◆ Exercise requirements
In duplicating the lines below, keep every word unchanged and drop the pictures.

◆ Entries provided

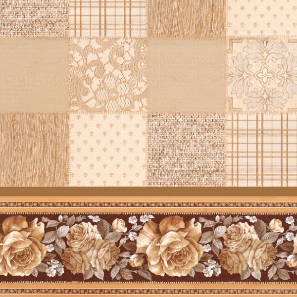 142А Клеенка нетканая основа ДЕКОРАМА (DEKORAMA) клетки бежевые и полоса с розами 1.4*20м ТУРЦИЯ
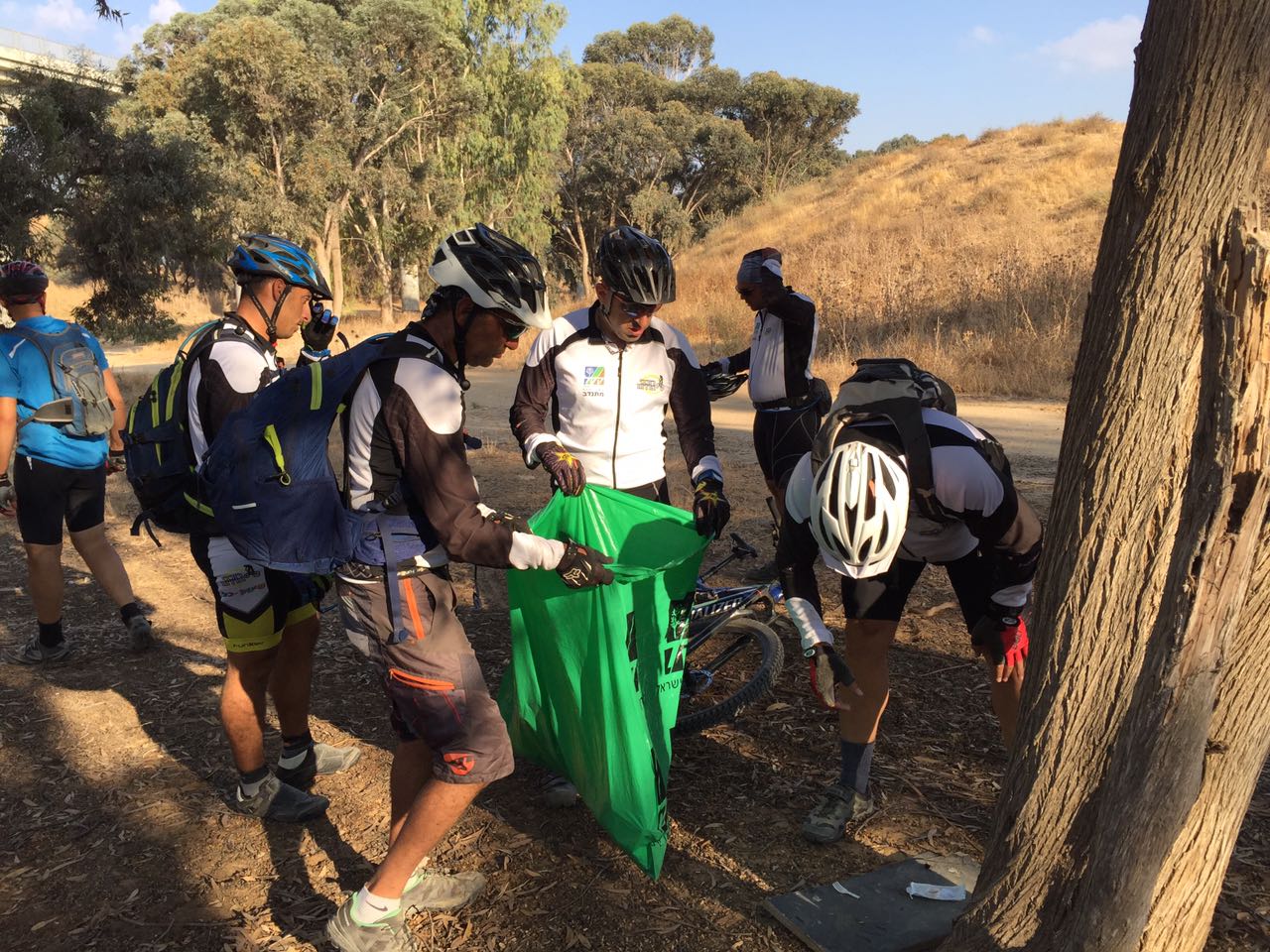 רגע לפני יום הניקיון: רוכבים עם שקיות
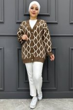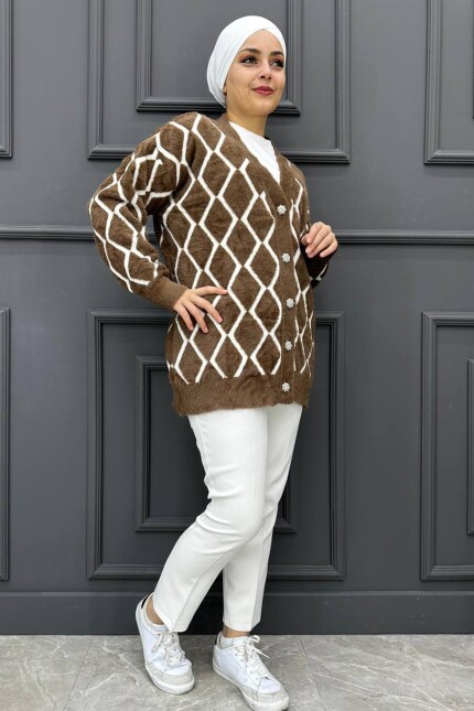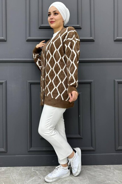 Kadın Desenli Peluş Hırka 101-KAHVERENGİ
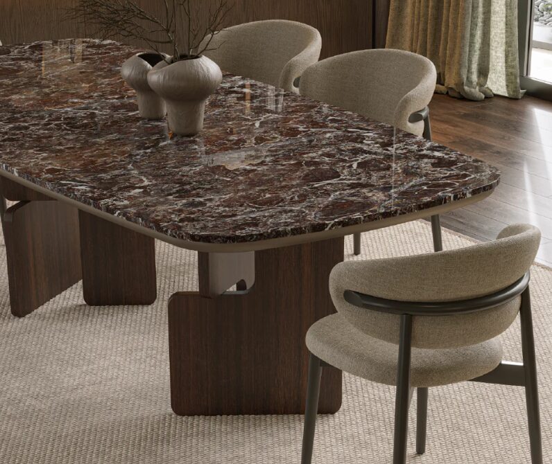 Обеденный стол Colline отличается элегантной простотой и использованием натуральных материалов. Благодаря чистым линиям и сбалансированным пропорциям этот стол идеально подходит для столовых, где стремятся создать спокойную, функциональную и уютную обстановку.
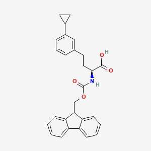 (S)-2-((((9H-Fluoren-9-yl)methoxy)carbonyl)amino)-4-(3-cyclopropylphenyl)butanoic acid is unique due to its combination of the Fmoc protecting group, an amino acid backbone, and a cyclopropylphenyl moiety. This combination allows for versatile applications in peptide synthesis and other chemical reactions.
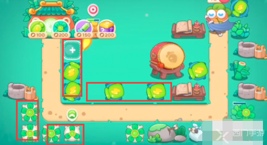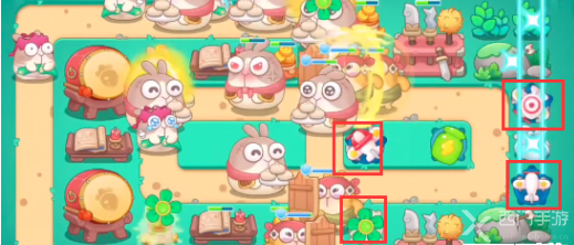 1、玩家可以先在右侧的位置放置毒针和炮塔,来清理道具和兔子;
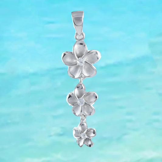 Hawaiian 3 Plumeria Pendant, Sterling Silver 3 Plumeria CZ Pendant, Hawaiian Jewelry, Christmas Anniversary Birthday Gift
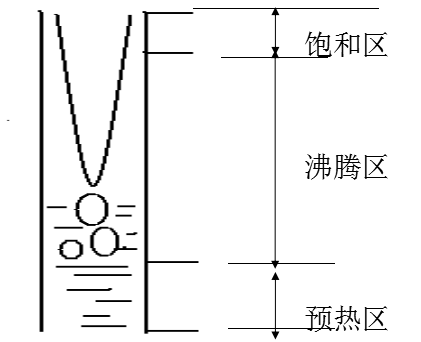 對于升膜式蒸發器,物料從管束下部引入。工作時,物料在加熱管內全程形成上、中、下三個不同區域,如圖所示,物料在下部,因液層靜壓作用,物料不沸騰,只起加熱作用。在中部溫度上升物料沸騰,二次蒸汽形成,蒸汽體積急速增大,管芯形成高速上升氣流將液體在管壁壓成薄膜向上流動,形成很好的傳熱條件,傳熱系數大大增加,使蒸發加快。到達上部后進入飽和區,汽液混合物經管頂進入汽液分離器進行汽液分離。而在降膜式蒸發器中,物料從頂部進入,然后呈膜狀蒸發。

◆ Output of the task
 142А Клеенка нетканая основа ДЕКОРАМА (DEKORAMA) клетки бежевые и полоса с розами 1.4*20м ТУРЦИЯ
 רגע לפני יום הניקיון: רוכבים עם שקיות
 Kadın Desenli Peluş Hırka 101-KAHVERENGİ
 Обеденный стол Colline отличается элегантной простотой и использованием натуральных материалов. Благодаря чистым линиям и сбалансированным пропорциям этот стол идеально подходит для столовых, где стремятся создать спокойную, функциональную и уютную обстановку.
 (S)-2-((((9H-Fluoren-9-yl)methoxy)carbonyl)amino)-4-(3-cyclopropylphenyl)butanoic acid is unique due to its combination of the Fmoc protecting group, an amino acid backbone, and a cyclopropylphenyl moiety. This combination allows for versatile applications in peptide synthesis and other chemical reactions.
 1、玩家可以先在右侧的位置放置毒针和炮塔,来清理道具和兔子;
 Hawaiian 3 Plumeria Pendant, Sterling Silver 3 Plumeria CZ Pendant, Hawaiian Jewelry, Christmas Anniversary Birthday Gift
 對于升膜式蒸發器,物料從管束下部引入。工作時,物料在加熱管內全程形成上、中、下三個不同區域,如圖所示,物料在下部,因液層靜壓作用,物料不沸騰,只起加熱作用。在中部溫度上升物料沸騰,二次蒸汽形成,蒸汽體積急速增大,管芯形成高速上升氣流將液體在管壁壓成薄膜向上流動,形成很好的傳熱條件,傳熱系數大大增加,使蒸發加快。到達上部后進入飽和區,汽液混合物經管頂進入汽液分離器進行汽液分離。而在降膜式蒸發器中,物料從頂部進入,然后呈膜狀蒸發。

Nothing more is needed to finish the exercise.